Last fall, I acquired a beat up old camera bag from my dad. Unpacking it, I found a largely complete Olympus OM 10 kit: 28, 50, 75-150 lenses; flash; manual adapter; filters; brackets and cables to take the flash off camera. It’s almost as if someone went into a Penny’s or Sears’s in about 1980 and got talked into way more than they ever needed.
Back in 2012, when I first picked up the D7000, and on Ken Rockwell’s recommendation,* I acquired a 75-150 Series E. I dropped the camera on it shortly after, creating the one-and-only Zomb-E, and later acquired another copy.
Having tested (minimally, as is my standard) the 28mm f/3.5 G-Zuiko and the 50mm f/1.8 F. Zuiko, I decided it was finally time to see how the 75-150mm f/4 Zuiko fares when pitted against the vaunted Nikon 75-150mm f/3.5 E-Series.
tl;dr: it’s horses for courses, as they say, though the Nikon is 1/3 stop wider and focuses nearly a meter closer…
I started the test way back in February 2021, during the Polar Vortex event, and only finished it in late March.
The Cameras: the Nikon FG and the Olympus OM10, both relevantly similar, small, light, aperture priority or full manual (the Oly requires an adapter to add manual control), very well built consumer cameras.
The Film: Ferrania P30 (2017 Alpha release in the FG, 2019 production version in the Oly), exposed at EI50, stand developed in Rodinal, and I believe the roll from the Olympus was on top in the tank.**
You’ll notice images from the Nikon are somewhat lighter, maybe a stop or two over the Olympus. I suspect this comes down to differences between the Alpha and Production versions of P30, and, perhaps, the exposure programs in the two cameras. While I prefer the Nikon, and find it more true to what I remember, for purposes of this post, it doesn’t really matter: we’re looking at characteristics and abilities of the lenses themselves, not so much the exposure programs of the cameras or P30 variants.
I strove to match the framing, zoom level, and aperture between shots. I wasn’t always successful, and a better reviewer might set up a tripod and swap cameras while keeping relative position the same.
So. The Olympus 75-150 Zuiko has a constant f/4 aperture, focuses as close as 1.7m (~5.5 ft.), employs separate rings for focus and zoom, and apparently has a built in lens shade (though I neither noticed nor missed it).
The Nikon 75-150mm E Series has a constant f/3.5 aperture, focuses down to 1m (3.2′), and employs a single ring for focus and zoom, with a push/pull design.

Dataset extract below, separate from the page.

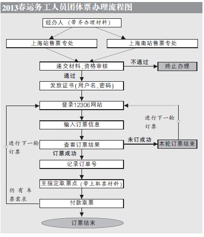 各企业、团体派出订票负责人前往上海站、上海南站“2013年外来务工人员春运团体订票”专窗,提交办理材料并签订订票协议。经铁路部门资质审核通过后,订票负责人现场领取《2013年外来务工人员春运团体订票授权证书》,并获知取票地点。
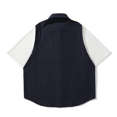 Yidao cổ điển mùa hè 2023 phong cách Mỹ retro khâu áo sơ mi ngắn tay nam hợp thời trang giản dị phù hợp với tất cả các trận đấu áo sơ mi nửa tay áo sơ mi

Overall, they’re very very similar: the Olympus may be a touch narrower, maybe, and feels a bit less friendly, slicker, sharper, pointy-er, though that probably comes down to my long familiarity with the Nikon version. I also had a bit of trouble finding the zoom ring on the Oly, and in going back and forth between the two zoom methods. With more practice, it wouldn’t matter either way.
Shooting them side by side, and with my predilections for close-focus, wide aperture silliness, well, I didn’t notice until the very end of the roll so much, but the Nikon’s 1/3 stop and 2′ of closer reach is a winner, for me anyway.
Here they both are at closest focus distance, and widest aperture.
And of course, at distance they’re virtually indistinguishable.
Given the two (slightly, but how slightly? I have no idea) film stocks (Ferrania P30 alpha and P30 production) and two different manufacturer’s exposure programs, the overall results from the lenses are quite different, and a better test would use precisely the same film stock, from the same production run, and then develop separately, both in the top position of the 2 reel tank, and probably in fresh C-41.
But hindsight being 20:20, and all, maybe this test was good enough?
And, really, it mostly comes down to mount: Nikon shooters can enjoy and revel in the wonderful 75-150 E Series; Olympus shooters can get a good deal on a useful-enough, very competent short tele-zoom.
*smh
**a better test would’ve maybe developed the rolls separately to try to eliminate any other variables, and I’ve never seen anything like this in all my time semi-standing with Rodinal, so I doubt it mattered any at all.